- Opening Delimiter -
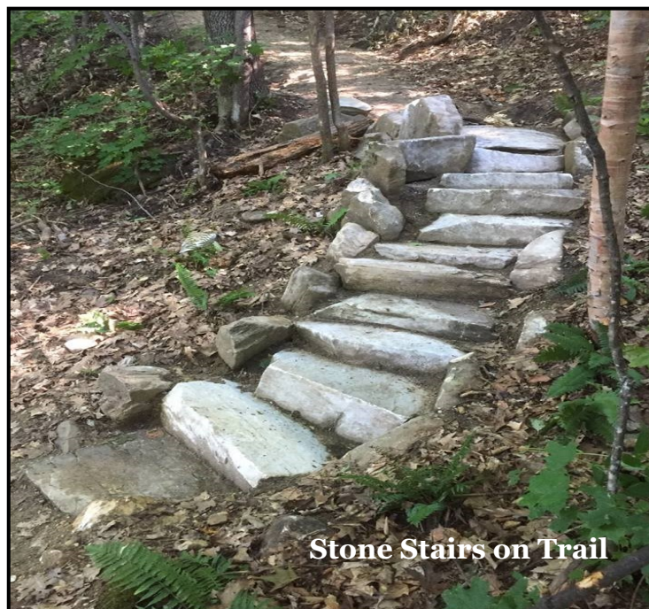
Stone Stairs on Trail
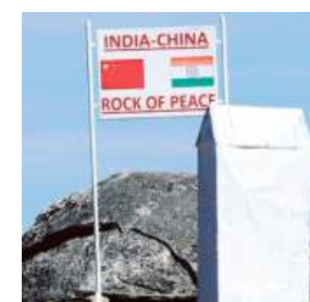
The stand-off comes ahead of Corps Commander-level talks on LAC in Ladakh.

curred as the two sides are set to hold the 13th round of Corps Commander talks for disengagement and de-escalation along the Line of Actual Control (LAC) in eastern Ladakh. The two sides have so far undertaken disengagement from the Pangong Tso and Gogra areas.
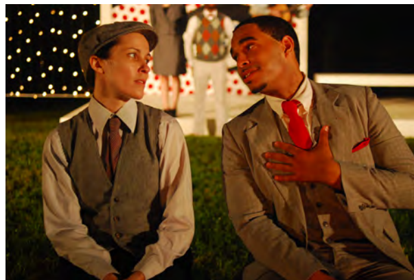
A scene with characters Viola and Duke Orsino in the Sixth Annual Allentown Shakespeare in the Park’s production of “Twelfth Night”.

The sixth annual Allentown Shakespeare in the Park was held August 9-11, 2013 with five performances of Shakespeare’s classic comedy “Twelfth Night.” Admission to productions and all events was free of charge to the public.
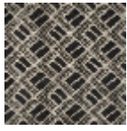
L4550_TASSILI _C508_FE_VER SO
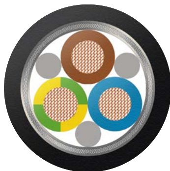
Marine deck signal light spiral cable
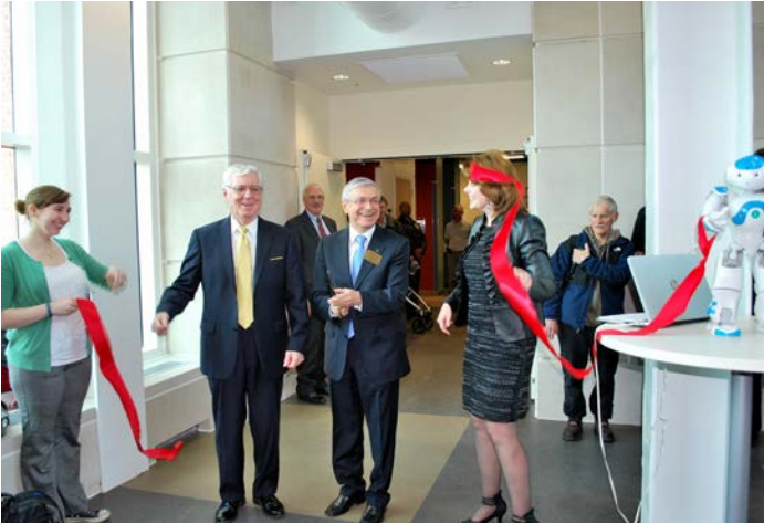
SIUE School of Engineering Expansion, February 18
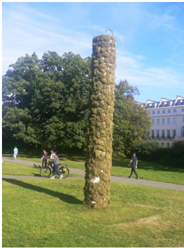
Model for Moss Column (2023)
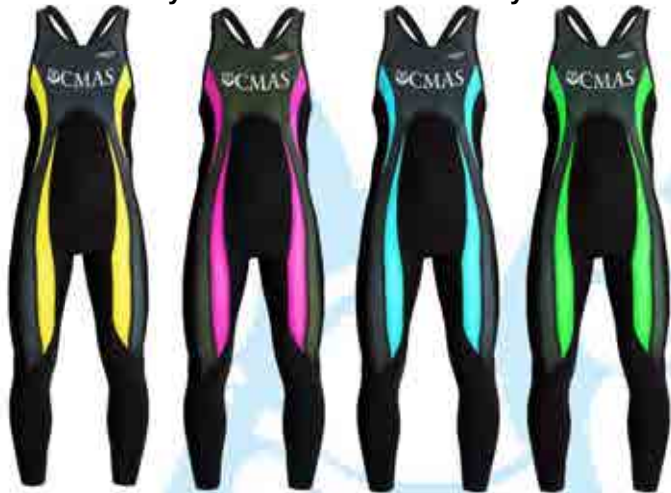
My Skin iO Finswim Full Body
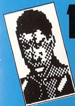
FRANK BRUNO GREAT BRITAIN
- Closing Delimiter -
WHAT THE TASK REQUIRES:
May I have only the lines from the start of the data through the line containing "curred as the", both included, reproduced exactly and without the pictures?

ANSWER TO THE PROBLEM:
Stone Stairs on Trail
The stand-off comes ahead of Corps Commander-level talks on LAC in Ladakh.

curred as the two sides are set to hold the 13th round of Corps Commander talks for disengagement and de-escalation along the Line of Actual Control (LAC) in eastern Ladakh. The two sides have so far undertaken disengagement from the Pangong Tso and Gogra areas.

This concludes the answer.